Does data, like a celestial body, have its own gravitational pull that attracts applications and services into its orbit? That was the proposal in 2010 by VMware’s Dave McCrory who has recently put some mathematical prowess beneath his principle. In his new website, DataGravity.org, McCrory outlines the formula for data gravity and asks the technical community for help in vetting and applying his formula.
In a 2011 post about data gravity, McCrory describes the basics of his principle.
Data Gravity is a theory around which data has mass. As data (mass) accumulates, it begins to have gravity. This Data Gravity pulls services and applications closer to the data. This attraction (gravitational force) is caused by the need for services and applications to have higher bandwidth and/or lower latency access to the data.
This principle has deeply resonated with the technical community. This topic is frequently discussed at conferences including the recent GigaOM Structure, and written about in articles such as the ReadWriteCloud piece entitled What "Data Gravity" Means to Your Data. In that article, author Jon Brockmeier warns against casual investment in data storage that may generate significant gravity.
Whether it's a single-user application like iTunes, or a company wide project: You need to consider the implications of data gravity - once your data is in, how hard will it be to break the gravitational field?
The stronger the data gravity involved, the more cautious you should be when you choose your data storage solution. It's likely that once you have a sufficient amount of data wrapped up in a solution, it's going to be very difficult (if not impossible) to justify the costs of moving it away.

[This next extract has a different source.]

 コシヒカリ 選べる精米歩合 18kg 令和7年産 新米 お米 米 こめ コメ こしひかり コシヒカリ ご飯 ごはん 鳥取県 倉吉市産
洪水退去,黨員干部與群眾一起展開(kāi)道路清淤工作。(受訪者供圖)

On McCrory’s DataGravity.org site, he described his approach for quantifying this principle. First, he tackled the calculation of data Mass.
The first thing that I learned was that in order to have Gravity, you must calculate Mass. While this is trivial Physics, applying this to an abstract concept is a bit more difficult. After a great deal of time and many versions, I have a current Mass formula for Data and a Mass formula for Applications (either or both of these could change at some point)

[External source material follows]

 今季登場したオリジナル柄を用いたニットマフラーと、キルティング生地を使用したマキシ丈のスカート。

He decided to calculate Data Mass by multiplying data volume (equal to the size of the data measured in megabytes) by the data density (which is the compression ratio of the data).
After that, McCrory calculated Application Mass by multiplying application volume (generated by adding amount of memory used plus the amount of disk space used) by the application density (produced by adding the compression ratio of the memory, compression ratio of the disk space, and the total amount of CPU utilization).
To account for significant impact of the network on data gravity, McCrory injects variables for network latency, network bandwidth, the number of requests per second, and the average size of requests. He combines all of these factors to arrive at a calculation for data gravity. In an interview with InfoQ, McCrory shared that he considered and discarded many additional variables. He attempted to factor in the impact of create/read/update/delete operations for a given data mass and even the type of storage that the data rested upon, but ultimately decided that the formula below captured the key aspects of data gravity.
McCrory considers the number produced by this calculation to be relative to the network that data exists in. According to McCrory, each network is a universe, and a given data mass exists in that universe. While one could fruitfully compare data gravity numbers between two objects within the same network, McCrory does not yet have enough information to confidently compare the data gravity for one network versus the data gravity from another network.
On the DataGravity.org site, McCrory lists a few of the possible uses of this principle.
Reasons to move toward a source Data Gravity (Increase Data Gravity)
- You need Lower Latency for your Application or Service
- You need Higher Bandwidth for your Application or Service
- You want to generate more Data Mass more quickly
- You are doing HPC
- You are doing Hadoop or Realtime Processing
Reasons to resist or move away from a source of Data Gravity (Decrease Data Gravity)
- You want to avoid lock-in / keep escape velocity low
- Application Portability
- Resiliency to Increases in Latency or Decreases in Bandwidth (aka Availability)
Data Gravity and Data Mass may have other uses as well:
- Making decisions of movement or location between two Data Masses
- Projecting Growth of Data Mass
- Projecting Increases of Data Gravity (Which could signal all sorts of things)
This formula is a work in progress, according to McCrory, and he is actively seeking real-world use cases and tests of this principle.